▶ RECORDS SHOWN
=====
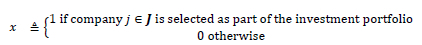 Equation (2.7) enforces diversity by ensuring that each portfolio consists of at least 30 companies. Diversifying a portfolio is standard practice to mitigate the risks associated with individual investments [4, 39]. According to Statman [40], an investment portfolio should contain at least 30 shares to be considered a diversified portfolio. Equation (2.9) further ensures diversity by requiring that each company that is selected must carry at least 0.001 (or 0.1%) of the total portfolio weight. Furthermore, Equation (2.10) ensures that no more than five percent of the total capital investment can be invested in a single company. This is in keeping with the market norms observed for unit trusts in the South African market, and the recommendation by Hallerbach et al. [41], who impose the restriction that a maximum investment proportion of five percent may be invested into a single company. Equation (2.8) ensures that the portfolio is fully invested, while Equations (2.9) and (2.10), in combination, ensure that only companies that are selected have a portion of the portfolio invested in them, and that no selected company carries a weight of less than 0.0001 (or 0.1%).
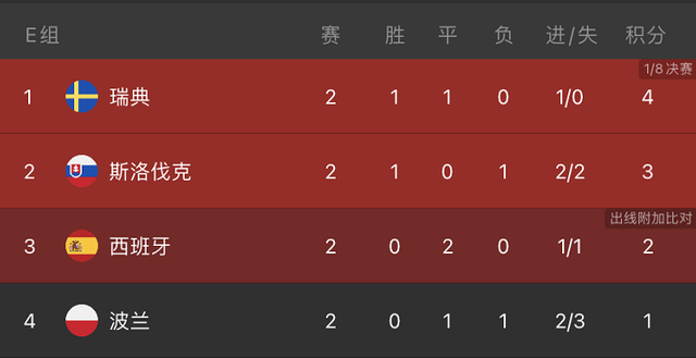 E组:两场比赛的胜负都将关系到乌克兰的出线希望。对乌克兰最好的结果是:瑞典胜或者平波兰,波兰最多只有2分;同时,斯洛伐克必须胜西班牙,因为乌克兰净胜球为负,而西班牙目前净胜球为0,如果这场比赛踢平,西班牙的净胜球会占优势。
=====
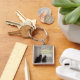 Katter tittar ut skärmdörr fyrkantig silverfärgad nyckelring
=====
▶ WHAT TO PRODUCE
The result should be an exact copy of only the lines above from the one that holds "Equation (2.7) enforces" through the one that holds "E组:两场比赛的胜负都将关系", both ends included, without pictures.

▶ SOLUTION TO THIS TASK
 Equation (2.7) enforces diversity by ensuring that each portfolio consists of at least 30 companies. Diversifying a portfolio is standard practice to mitigate the risks associated with individual investments [4, 39]. According to Statman [40], an investment portfolio should contain at least 30 shares to be considered a diversified portfolio. Equation (2.9) further ensures diversity by requiring that each company that is selected must carry at least 0.001 (or 0.1%) of the total portfolio weight. Furthermore, Equation (2.10) ensures that no more than five percent of the total capital investment can be invested in a single company. This is in keeping with the market norms observed for unit trusts in the South African market, and the recommendation by Hallerbach et al. [41], who impose the restriction that a maximum investment proportion of five percent may be invested into a single company. Equation (2.8) ensures that the portfolio is fully invested, while Equations (2.9) and (2.10), in combination, ensure that only companies that are selected have a portion of the portfolio invested in them, and that no selected company carries a weight of less than 0.0001 (or 0.1%).
 E组:两场比赛的胜负都将关系到乌克兰的出线希望。对乌克兰最好的结果是:瑞典胜或者平波兰,波兰最多只有2分;同时,斯洛伐克必须胜西班牙,因为乌克兰净胜球为负,而西班牙目前净胜球为0,如果这场比赛踢平,西班牙的净胜球会占优势。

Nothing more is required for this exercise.